Each of the three strategies has its pros and cons. The strategies ‘Multiple Time Periods, Single QCA’ (Strategy A) and ‘Multiple QCAs, Different Time Periods’ (Strategy B) have the advantage that they follow the regular QCA research process and are relatively easy to perform. However, especially Strategy B can only be applied well if the number of conditions per time period is high enough. When the number of cases is rather low – which may regularly be the case in applied QCA – this aggravates the problem of limited diversity. This latter problem is absent in fuzzy-set ideal type analysis (Strategy C); however, it is restricted to the descriptive analysis of cases’ developments only and does hence not allow for a proper explanation.
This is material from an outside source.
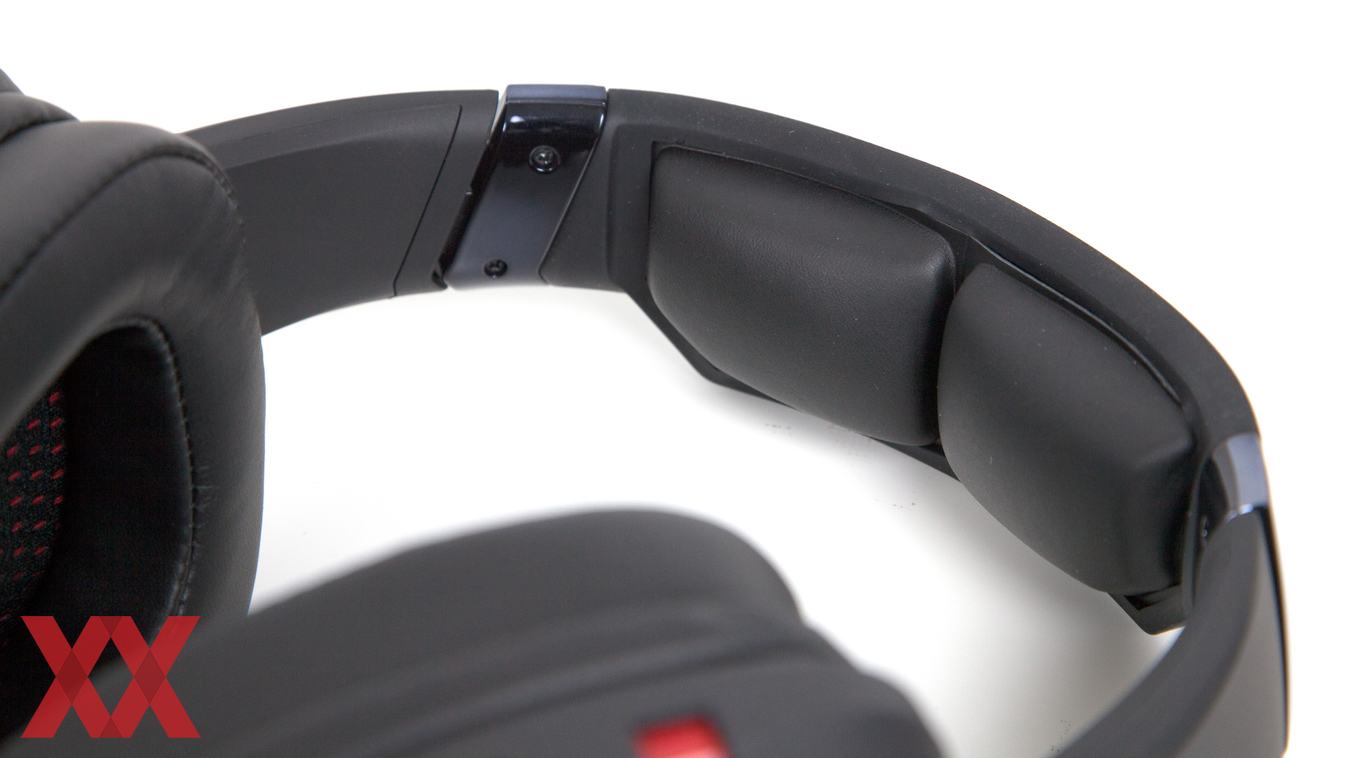 Einen Teil zum hohen Komfort trägt auch die moderate Spannung des Bügels bei, denn Ozone findet einen guten Kompromiss aus einem sicheren Sitz des Headsets und einem moderaten Druck auf den Kopf. Der eigentliche Tragebügel wurde von Ozone ebenfalls mit zwei voluminösen Polster versehen, die den positiven Eindruck im Kapitel Tragekomfort unterstreichen.
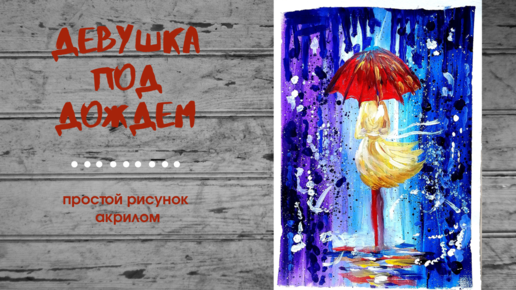 Как нарисовать ДЕВУШКУ С ЗОНТОМ ПОД ДОЖДЕМ. Простой рисунок красками.

Ultimately, the choice for one, or several, of the strategies depends on the researcher’s research question and the state of the theories at hand.
The strategies discussed here have much potential for researchers who want to track configurations over time. Thus far, there have only been some QCA applications that have done so. We illustrated the strategies with a dataset with 53 cases and 5 conditions. To further the development of the strategies, we invite more empirical applications, involving both less and more cases and conditions, to further tease out their advantages and disadvantages. Still, also without these – welcome – further advancements, the strategies for tracking configurations over time can enrich political scientists’ methodological toolkits. As we have demonstrated, these strategies enable answering a whole series of novel research questions in which time takes a center stage.
To view supplementary material for this article, please visit https://doi.org/10.1017/S1755773920000375.
An earlier version of this paper was presented at the International QCA Expert Workshop in Zurich (2018). We thank the workshop participants, the editors, and the anonymous reviewers for their constructive feedback on the earlier versions of the paper.